Boyle and his wife, Deborah Gillars, a recently retired high school art
teacher, raised three children and put them through college. They built a home
and kept adding to their shop.
His work is rustic and earthy. What appears to be
a small tree branch forms a pouring handle curved above a footed teapot glazed
in river-blue and loam-brown. Bowls glazed in shades of dark coffee, cobalt and
cream feature designs carved into the rims, dark lines evoking rolling
foothills or the waves of a wind-rippled field of grass. Browns and blues and
greens flow over vases’ carved bellies like streams over stones, inviting the
hand as well as the eye to explore the surfaces.
But Boyle’s work
isn’t just that of an artist. And some of his most important tools aren’t his
wheel or kiln.
Boyle begins most
pieces with a tape measure, a calculator, and calipers. His customers expect
pieces of specific dimensions, so he measures the height, the width at the
belly, and other spots of a finished model piece, using the metric side of his
tape “because the system makes more sense,” Boyle explained.
“Then I add a
percentage to the measurements to allow for shrinkage in the kiln,” Boyle said,
tapping the keys of the calculator.
As he forms the new
piece on the wheel, Boyle takes periodic measurements to be sure he is staying
true to the model.
Other important
tools are the gauges controlling the flow of propane into his gas-fired kiln
and the pyrometer that tells him how hot the temperature is inside the kiln.
Boyle’s gas kiln
sits on his back porch and is so big the racks are built on a trolley that
slides in and out of the kiln on metal tracks. Each time he checks the
temperature in the kiln, Boyle records the information in a notebook. Later he
reads through his notebooks.
“I have hundreds of
these,” he said. “I’m looking for the thread of consistency that will help me understand
how to get similar results each time. A change in the barometric pressure or
the way I stack the pieces in the kiln can change the way the glazes work.”
Boyle estimates he
has produced hundreds of thousands of mugs, trays, bowls, vases, and other functional
art over the almost forty years he has worked as a potter. Recently, however,
he has begun producing a more conceptual line of work.
Boyle is fascinated
by the ancient geoglyphs—massive images carved into the surface of the earth
and visible only from the air—found around the world.

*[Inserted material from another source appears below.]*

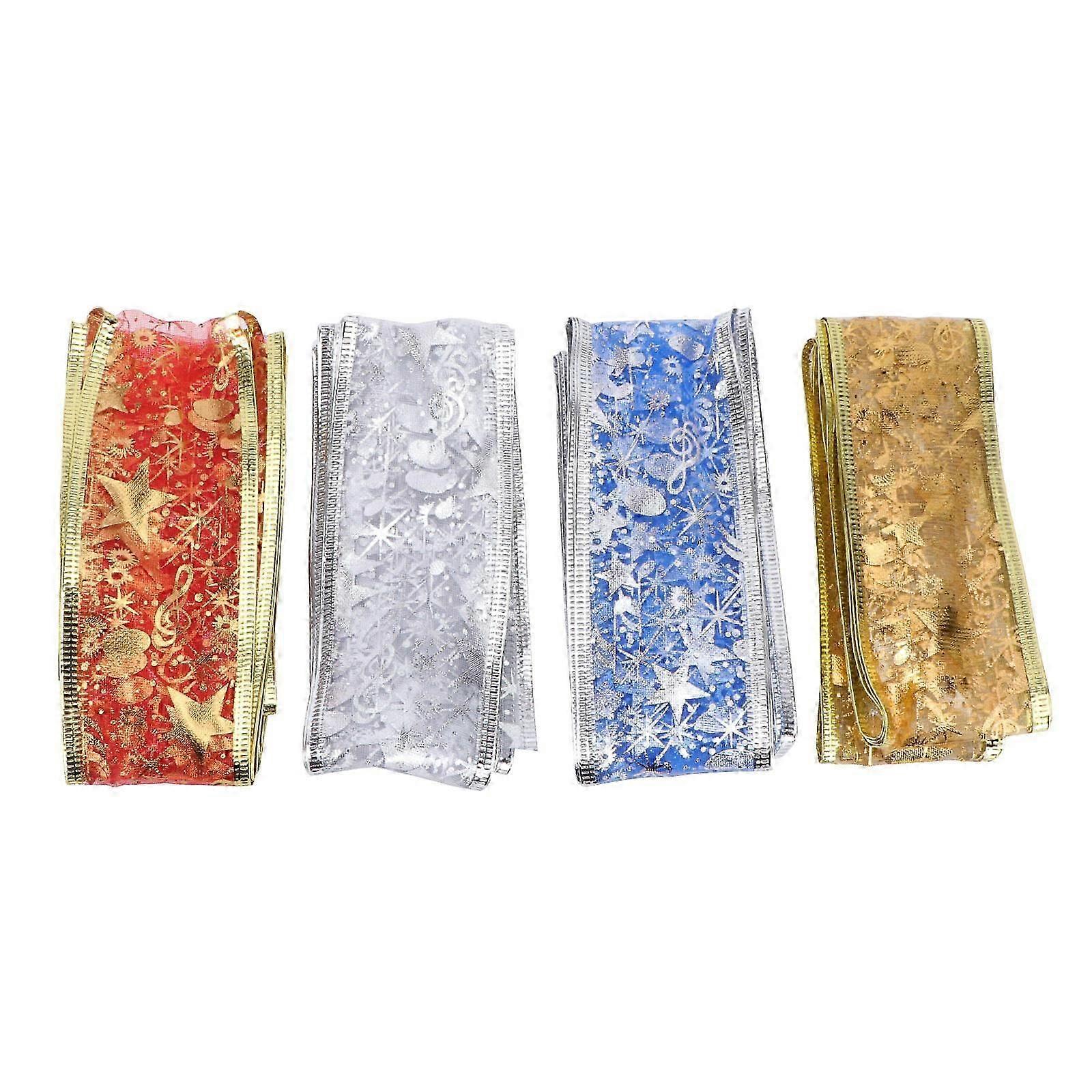 4 Rolls of 2cm Christmas Satin Ribbon Bronzing Pentagram Printed Xmas Silk Ribbon Decoration Gift Wrapping Ribbons (Red+Golden+Silver+Blue)

One of those images, a
150-foot long spider that is part of the Peruvian Nazca line glyphs, appears in
miniature form on one of Boyle’s rocket ships along with carved prose and the
latitude and longitude of the glyph.
“Don’t you just
wonder if those geoglyphs aren’t part of some sort of intergalactic scavenger
hunt?” Boyle asked, his eyes twinkling at the idea.
Tour-goers following the south-to-north route
will find Jack Boyle’s San Antonio Pottery studio listed as the last stop.
Guest artists Michele Ginouves, Hil-Dee Bates, Maggie Clark, Barbara Ott, and
Joel Ott will display their work throughout the shop, and Jack will open his
large kiln out back around 5 p.m. Join the party, too—there will be music, an
antique Coke cooler with beverages, and lots of festivity.